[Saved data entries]

####

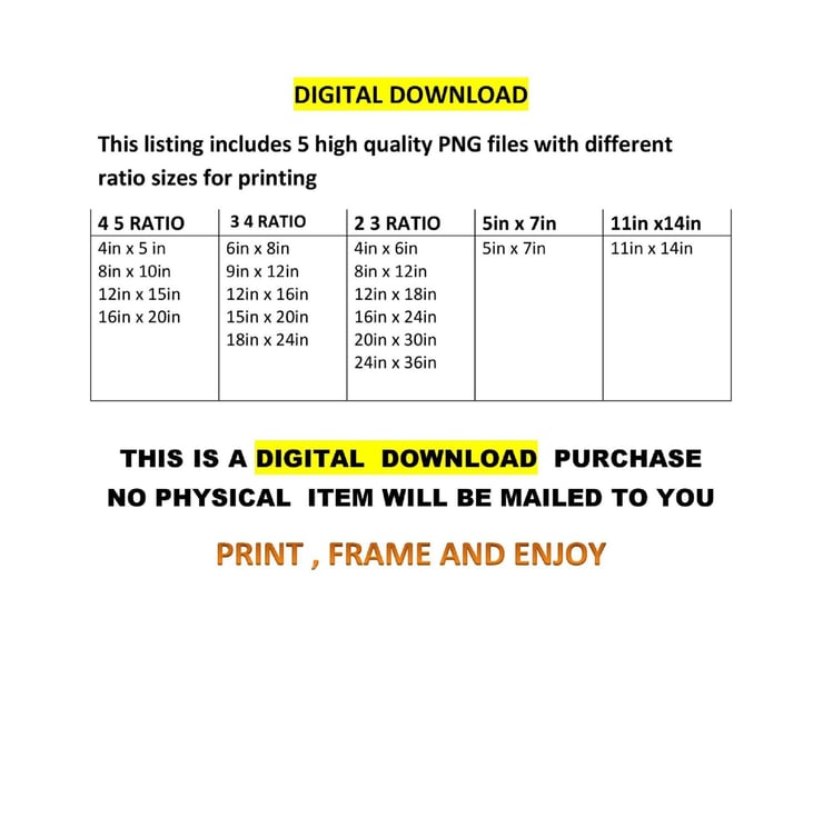 As soon as product purchased, original high quality printable version will be sent to buyer's email. Please when you purchased, send us your email.
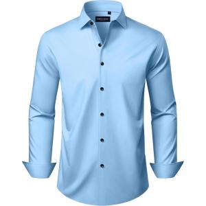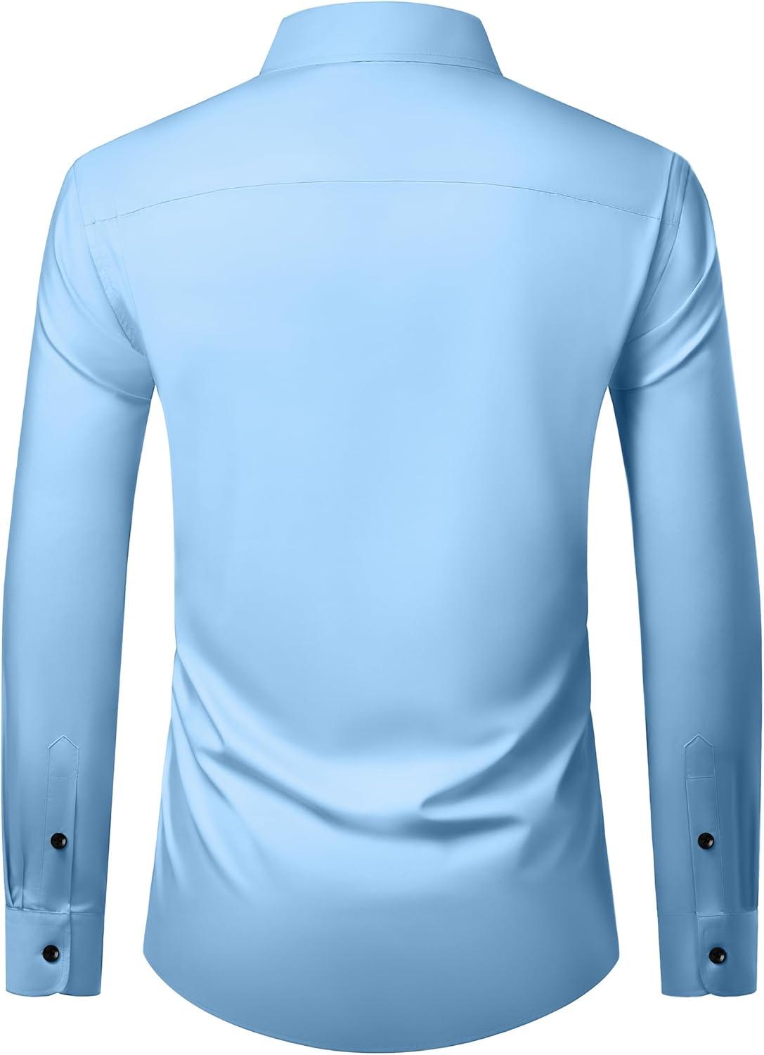 • Alimens & Gentle Men’s Long Sleeve Dress Shirts Wrinkle Free Stretch Wedding Business Casual Button Down Shirt(Blue)
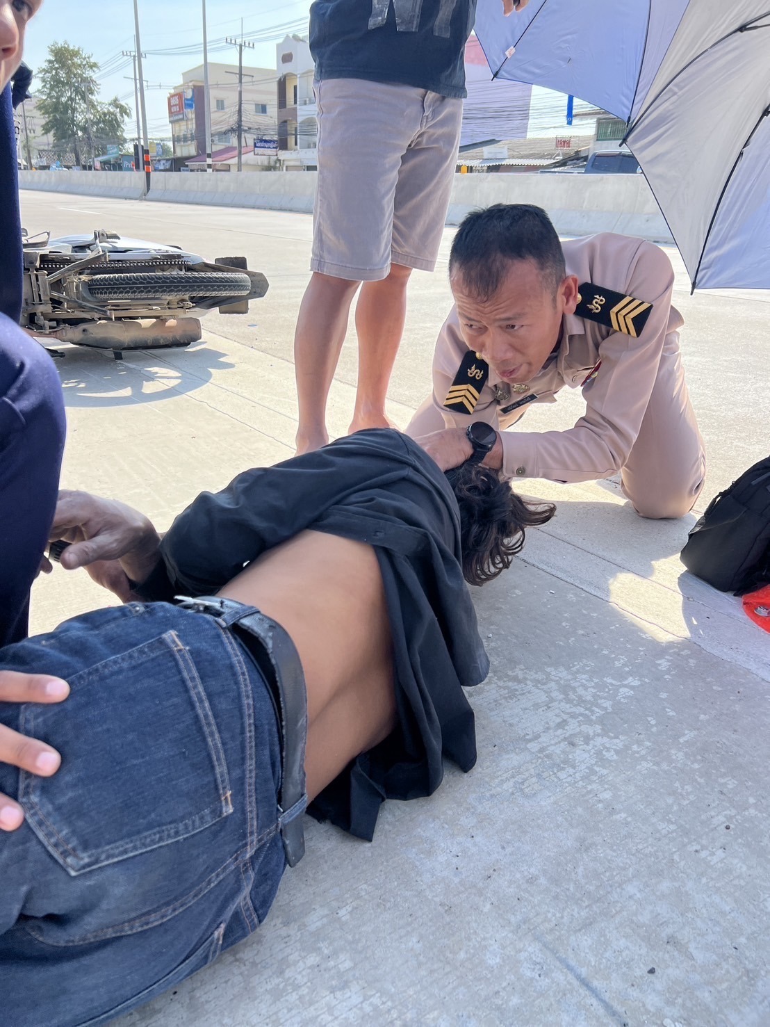 เมื่อ ๒๔ ธ.ค.๖๗ พ.จ.อ.อนิวัฒน์ พรมรังสี ช่วยราชการ กลุ่มงานสนับสนุนสายแพทย์ ๑ รพ.สมเด็จพระนางเจ้าสิริกิติ์ พร พบผู้ประสบอุบัติเหตุรถจักรยานยนต์ชนกัน บริเวณแยกเตาถ่าน ได้ทำการประเมินสภาพผู้บาดเจ็บเบื้องต้น ตรวจเช็คสติสัมปชัญญะ พร้อมทั้งให้การปฐมพยาบาลเบื้องต้น ระหว่างรอหน่วยกู้ภัยเดินทางมาถึงและรับตัวผู้บาดเจ็บนำส่งโรงพยาบาลต่อไป ข่าวผู้บังคับบัญชา 26 ธันวาคม 2567
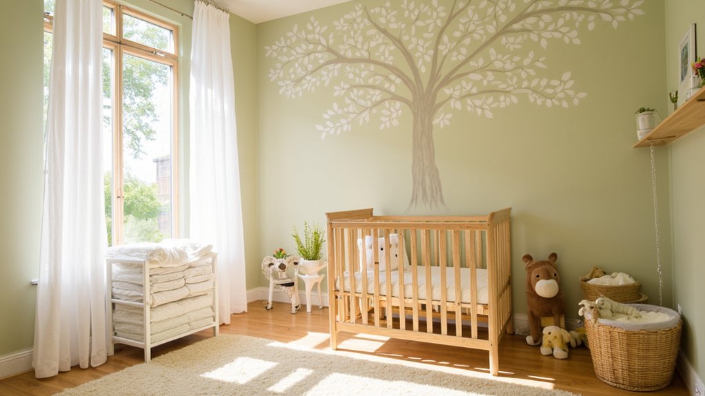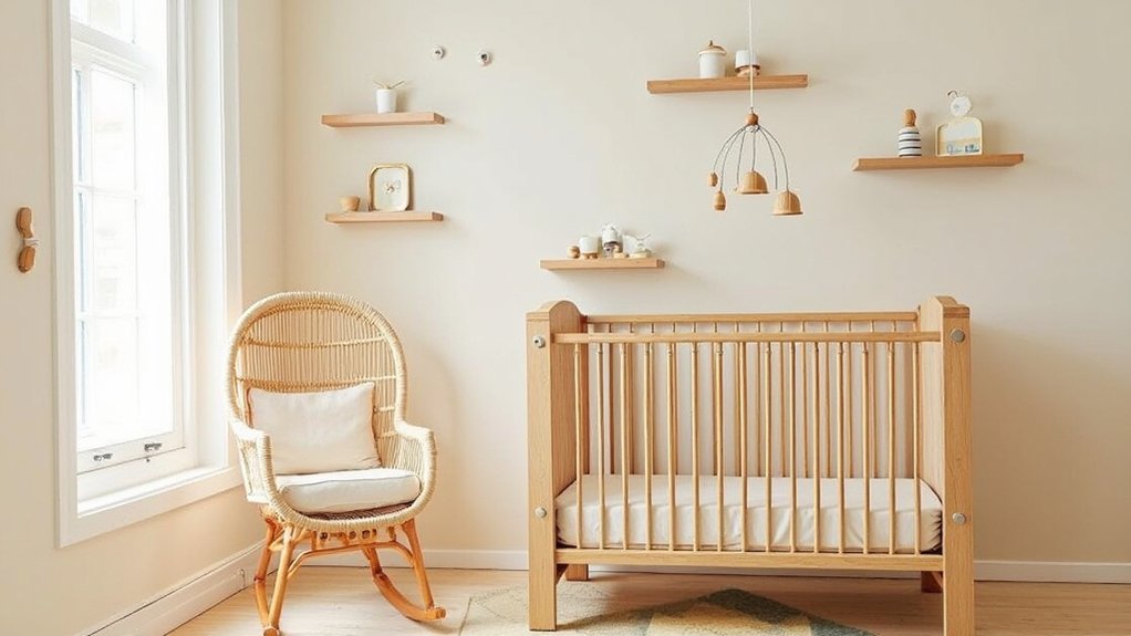 While designing a nursery, consider the eco-friendly charm of sustainable bamboo decor for a modern, gender-neutral look. You’re choosing a material that’s renewable, growing back in just 3-5 years, and incredibly durable for daily use. Incorporate bamboo cribs (standard 52”x28”) or shelving units to store toys neatly.
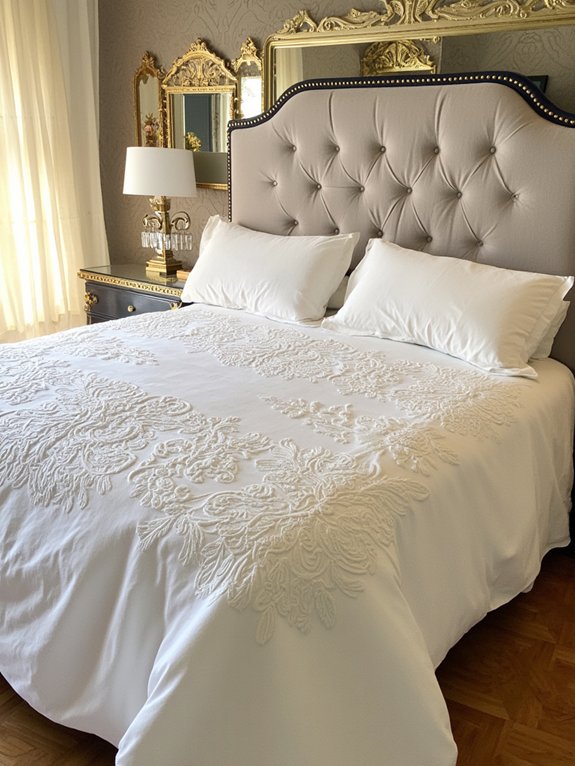 Each cover demonstrates meticulous attention to detail through double-hemmed edges, precise stitching, and optional custom monogramming in metallic or tonal threads. The heirloom quality of these pieces requires specialized care, including professional cleaning, to preserve their exceptional beauty and durability.
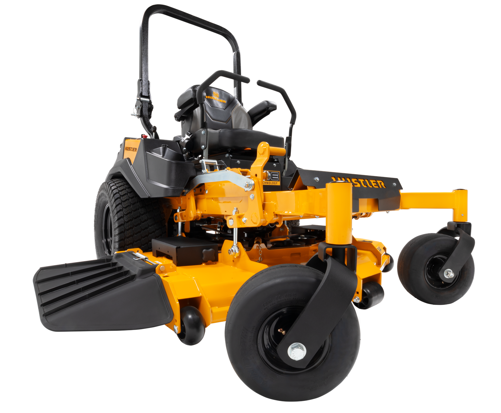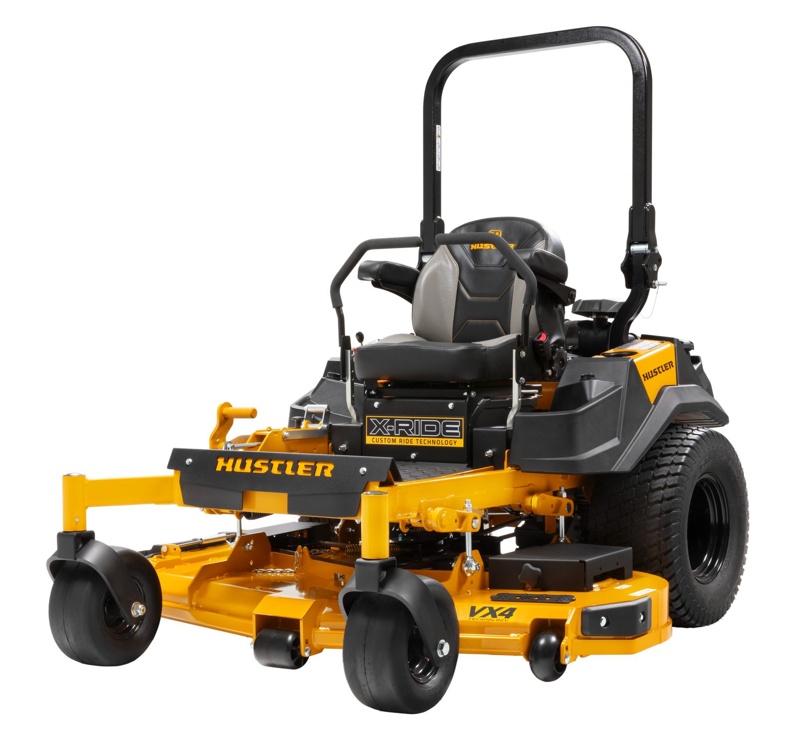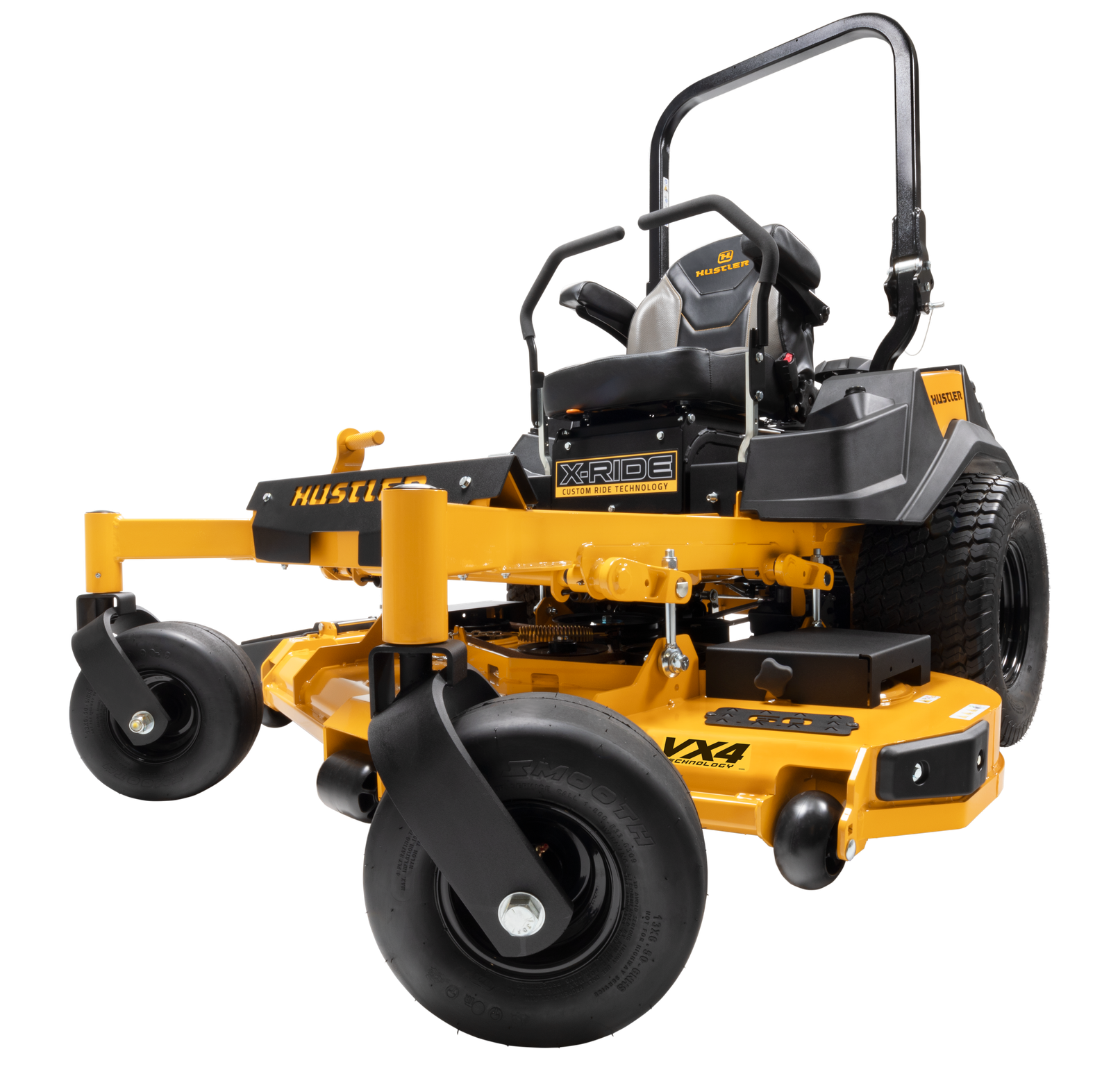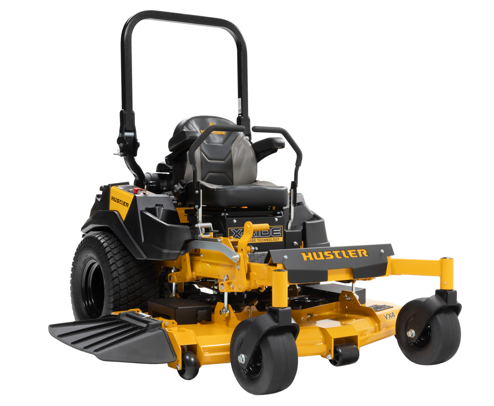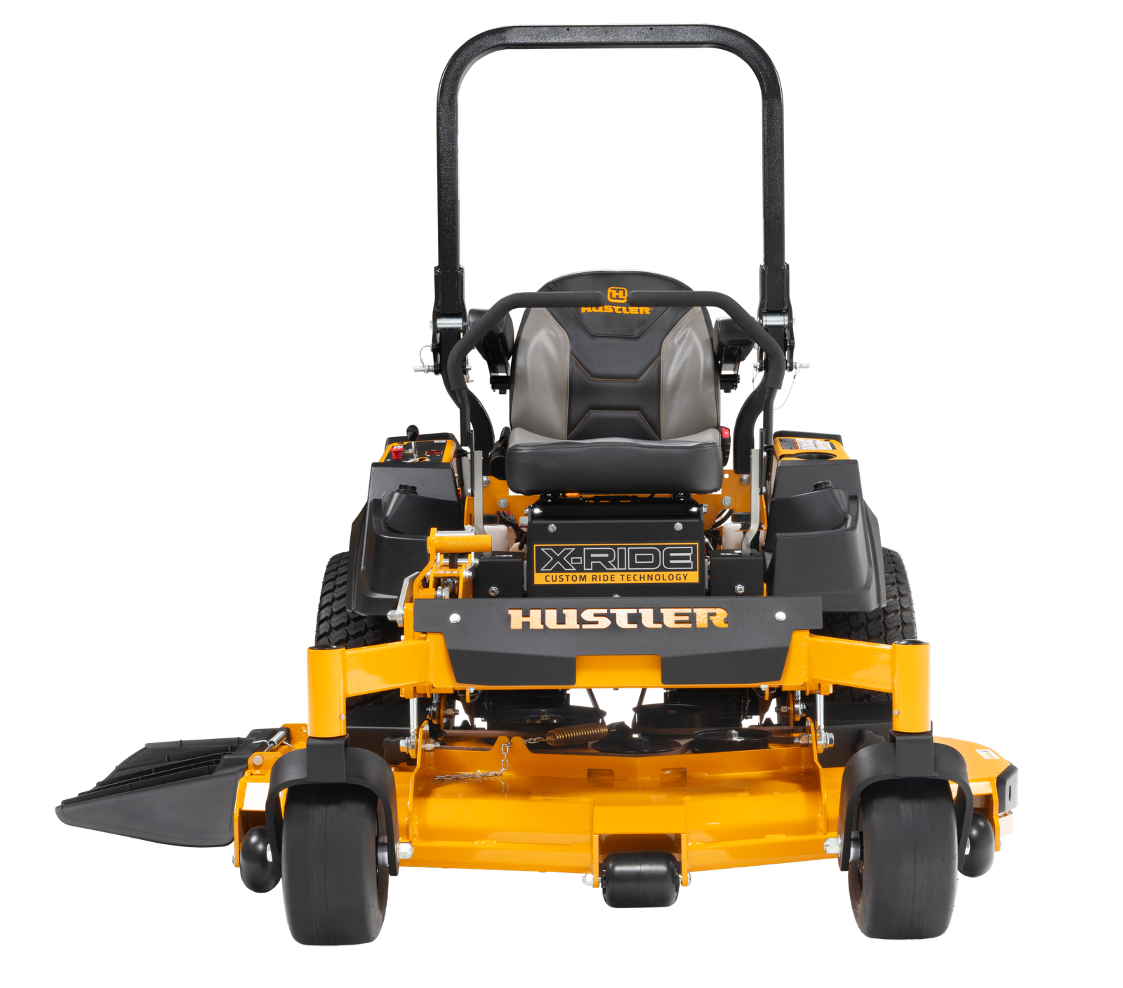 The new Hustler X-Ride is equipped with Custom Ride Technology, an isolated operator suspension platform designed to deliver a comfortable ride for the operator even while on rough terrain. The platform absorbs up to 4 inches of travel and has 5 levels of adjustability for the operator to find their comfort preference all while maintaining the stability on the mower.
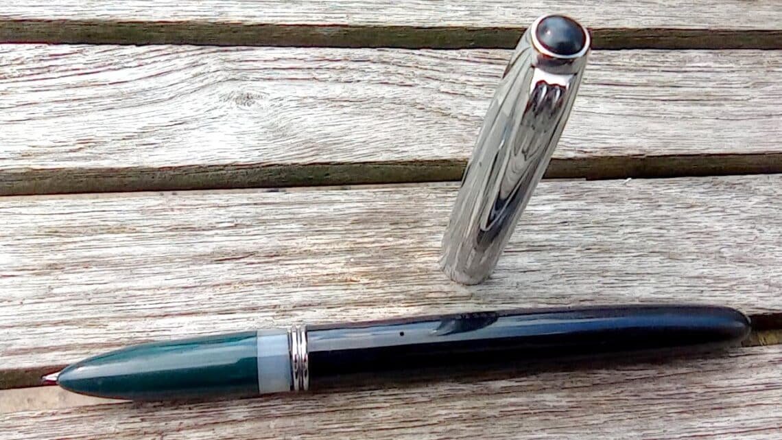 – Bloc plume plastique (celluloïd?) vert bouteille. Fenêtre transparente à la section avec bloc plume.
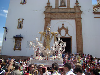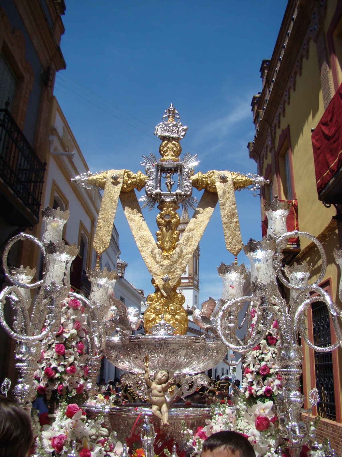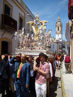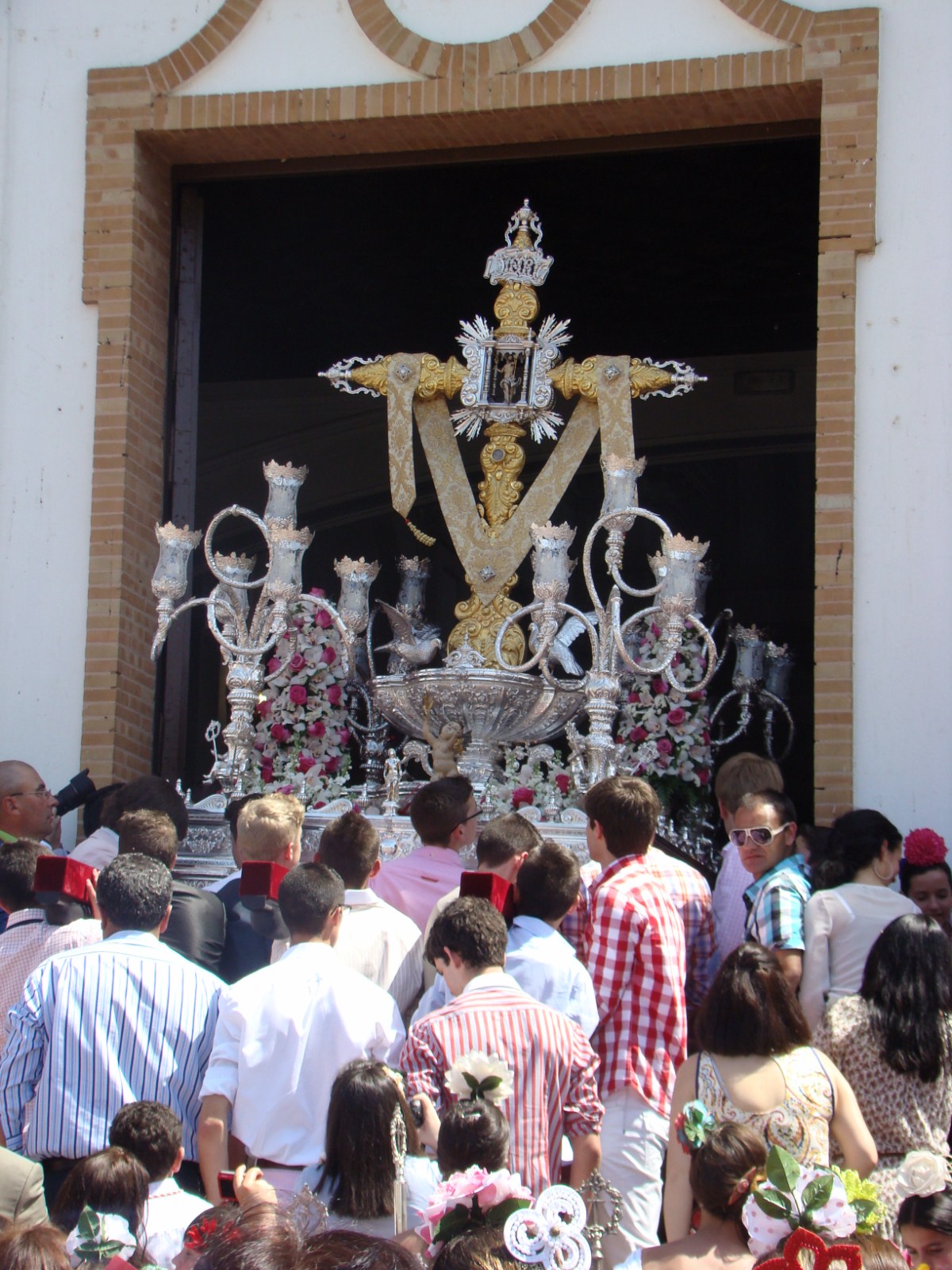 En la localidad onubense de Rociana del Condado, el primer domingo de mayo es el “Día de la Cruz”. Procesionan cinco cruces pertenecientes a diferentes calles de la población, cada una de ellas tiene capilla pero la procesión general se realiza desde la parroquia de San Bartolomé. La que desfila en último lugar por ser la más antigua, es la Cruz de La Fuente, un año más llevaba de acompañamiento musical a la Agrupación Musical Virgen de los Reyes de Sevilla.

####

* _TASK REQUIREMENTS_
Would you output only the span of the records above that opens with the line containing "Each cover demonstrates" and closes with the line containing "avec bloc plume.", ends included and pictures dropped?

* _RESULT OF THE EXERCISE_
 Each cover demonstrates meticulous attention to detail through double-hemmed edges, precise stitching, and optional custom monogramming in metallic or tonal threads. The heirloom quality of these pieces requires specialized care, including professional cleaning, to preserve their exceptional beauty and durability.
 The new Hustler X-Ride is equipped with Custom Ride Technology, an isolated operator suspension platform designed to deliver a comfortable ride for the operator even while on rough terrain. The platform absorbs up to 4 inches of travel and has 5 levels of adjustability for the operator to find their comfort preference all while maintaining the stability on the mower.
 – Bloc plume plastique (celluloïd?) vert bouteille. Fenêtre transparente à la section avec bloc plume.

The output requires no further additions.